One day after the so-called "bathroom bill" was withdrawn, Tennessee Republicans took aim at business leaders for getting involved in the issue.
Lawmakers warned corporate incentives could be taken away if businesses continue to intervene in legislative matters.
House Majority Leader Gerald McCormick led an angry attack Tuesday on the business community, particularly the Chamber of Commerce in his home city, Chattanooga.
"I got a letter from the Chattanooga Chamber of Commerce," McCormick said at the opening of Tuesday's legislative session. "It was a long, self-righteous letter but it said at the end, 'Simply put, the legislation is bad for business, bad for Chattanooga and Hamilton County and bad for Tennessee.' So now that they're on the record for putting men in little girls' bathrooms, I want to say what else has happened in Chattanooga in the last few weeks.
McCormick went on to describe street gangs running rampant, a problem which he says the business community has done little to address.
The speech sparked several minutes of debate, even though the legislation itself has been dead since its sponsor, Mt.
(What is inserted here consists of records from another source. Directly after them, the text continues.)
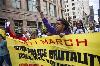 About 1,000 demonstrators marched in the city while hundreds of police officers created a human barrier around protesters.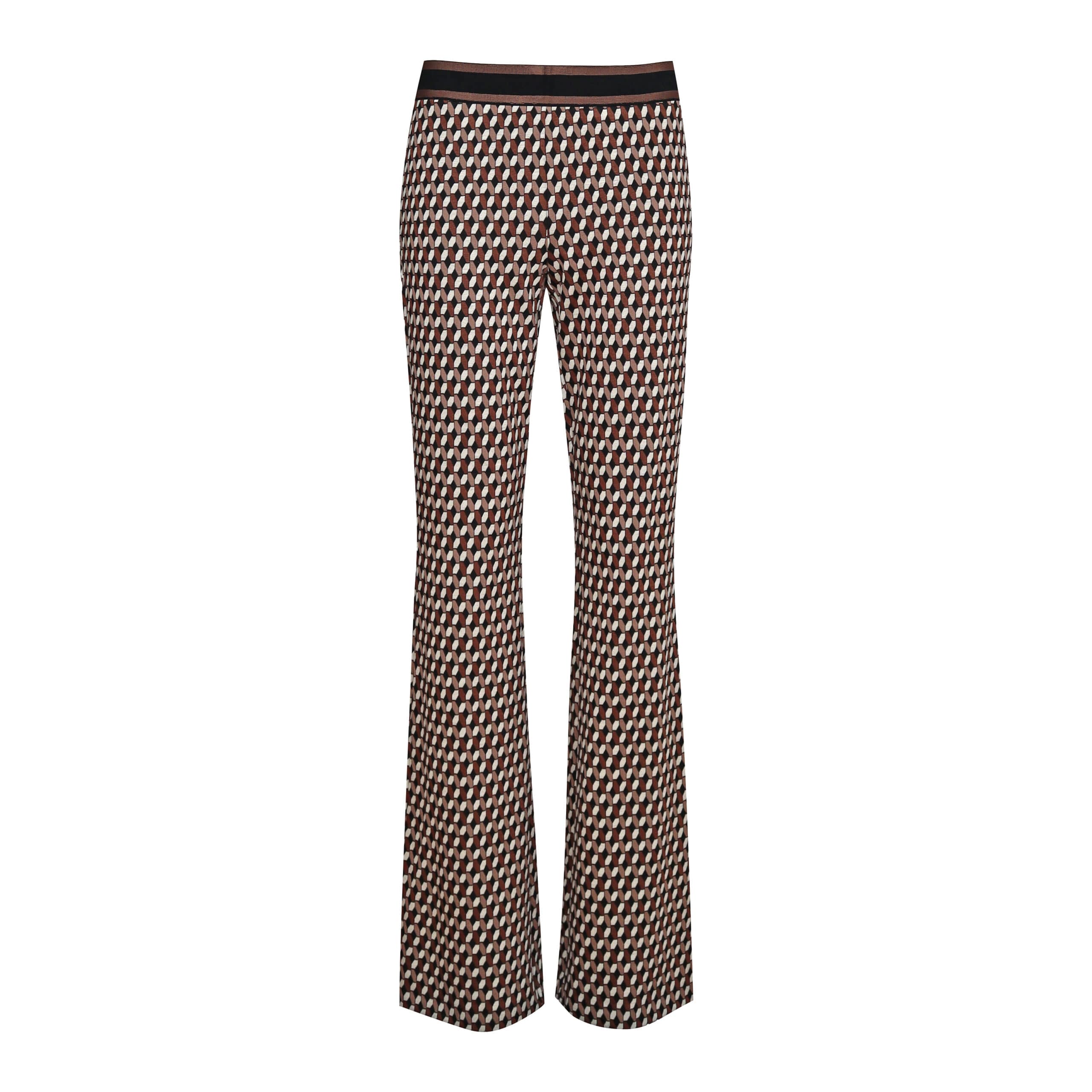 Flared pantalon van Cambio, model Flower. Deze broek is gemaakt van een  jersey stretch stof met een ecru, zwart, bruin geometrisch motief. De broek heeft een elastische tailleband en flared broekspijpen.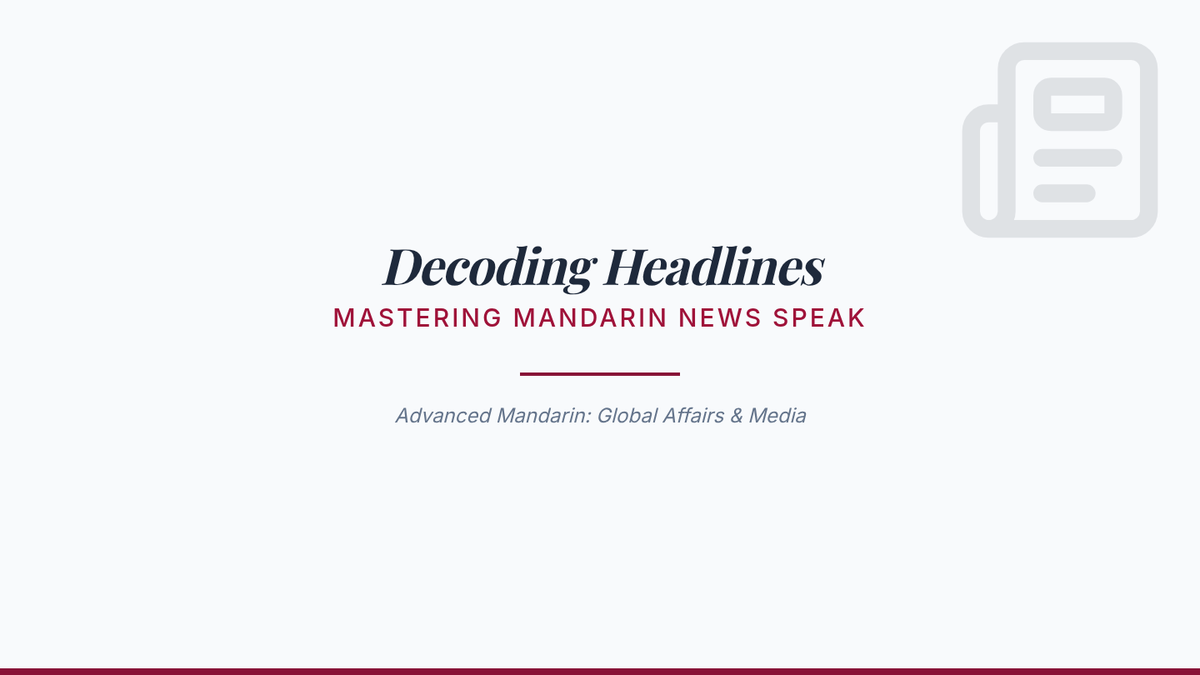 Focuses on the high-density syntax of Chinese news headlines, teaching students to decode abbreviations and expand compressed phrases into full grammatical structures.

Juliet Republican Susan Lynn, announced Monday that she would no longer pursue it this year.
And McCormick wasn't the only Chattanooga Republican to take shots at the Chamber. Senate Speaker Pro Tempore Bo Watson picked up the theme hours later, making a very similar speech.
Both leaders said lawmakers should remember who signed the letter when businesses ask for corporate incentives.
A warning, it would seem, to stay out of future debates.